======== DATA PROVIDED

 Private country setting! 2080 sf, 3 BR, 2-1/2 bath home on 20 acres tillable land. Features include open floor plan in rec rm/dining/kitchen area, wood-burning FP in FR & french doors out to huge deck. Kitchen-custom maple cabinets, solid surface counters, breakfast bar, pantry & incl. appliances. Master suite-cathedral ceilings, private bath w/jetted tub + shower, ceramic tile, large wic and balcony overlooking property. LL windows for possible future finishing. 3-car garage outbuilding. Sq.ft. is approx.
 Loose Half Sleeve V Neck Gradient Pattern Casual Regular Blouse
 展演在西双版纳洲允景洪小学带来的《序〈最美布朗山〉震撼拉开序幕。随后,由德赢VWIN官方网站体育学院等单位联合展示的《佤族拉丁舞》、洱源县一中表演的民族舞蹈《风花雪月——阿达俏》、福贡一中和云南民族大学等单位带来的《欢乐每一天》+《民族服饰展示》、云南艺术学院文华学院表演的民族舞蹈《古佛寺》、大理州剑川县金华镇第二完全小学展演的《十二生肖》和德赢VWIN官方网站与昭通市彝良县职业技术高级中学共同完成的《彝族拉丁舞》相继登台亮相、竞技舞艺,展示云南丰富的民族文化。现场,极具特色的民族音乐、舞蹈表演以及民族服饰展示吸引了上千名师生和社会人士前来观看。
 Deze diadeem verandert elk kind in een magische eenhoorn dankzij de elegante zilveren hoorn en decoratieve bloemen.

================
======== DATA PROVIDED

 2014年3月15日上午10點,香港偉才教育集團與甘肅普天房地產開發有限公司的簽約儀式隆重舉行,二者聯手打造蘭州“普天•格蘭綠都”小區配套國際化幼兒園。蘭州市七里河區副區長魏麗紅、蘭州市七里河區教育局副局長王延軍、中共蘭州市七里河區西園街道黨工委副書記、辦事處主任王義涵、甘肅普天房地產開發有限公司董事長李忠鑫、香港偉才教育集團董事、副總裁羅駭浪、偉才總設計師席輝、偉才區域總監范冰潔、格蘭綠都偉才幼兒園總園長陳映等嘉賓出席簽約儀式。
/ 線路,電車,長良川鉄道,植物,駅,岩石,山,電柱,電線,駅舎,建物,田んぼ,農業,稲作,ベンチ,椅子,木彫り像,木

================

_WHAT THE EXERCISE ASKS_
Using the data above, print exactly the lines from the line that contains "展演在西双版纳洲允景洪小学带" through the line that contains "Deze diadeem verandert", with both included.

_RESPONSE BOX_
 展演在西双版纳洲允景洪小学带来的《序〈最美布朗山〉震撼拉开序幕。随后,由德赢VWIN官方网站体育学院等单位联合展示的《佤族拉丁舞》、洱源县一中表演的民族舞蹈《风花雪月——阿达俏》、福贡一中和云南民族大学等单位带来的《欢乐每一天》+《民族服饰展示》、云南艺术学院文华学院表演的民族舞蹈《古佛寺》、大理州剑川县金华镇第二完全小学展演的《十二生肖》和德赢VWIN官方网站与昭通市彝良县职业技术高级中学共同完成的《彝族拉丁舞》相继登台亮相、竞技舞艺,展示云南丰富的民族文化。现场,极具特色的民族音乐、舞蹈表演以及民族服饰展示吸引了上千名师生和社会人士前来观看。
 Deze diadeem verandert elk kind in een magische eenhoorn dankzij de elegante zilveren hoorn en decoratieve bloemen.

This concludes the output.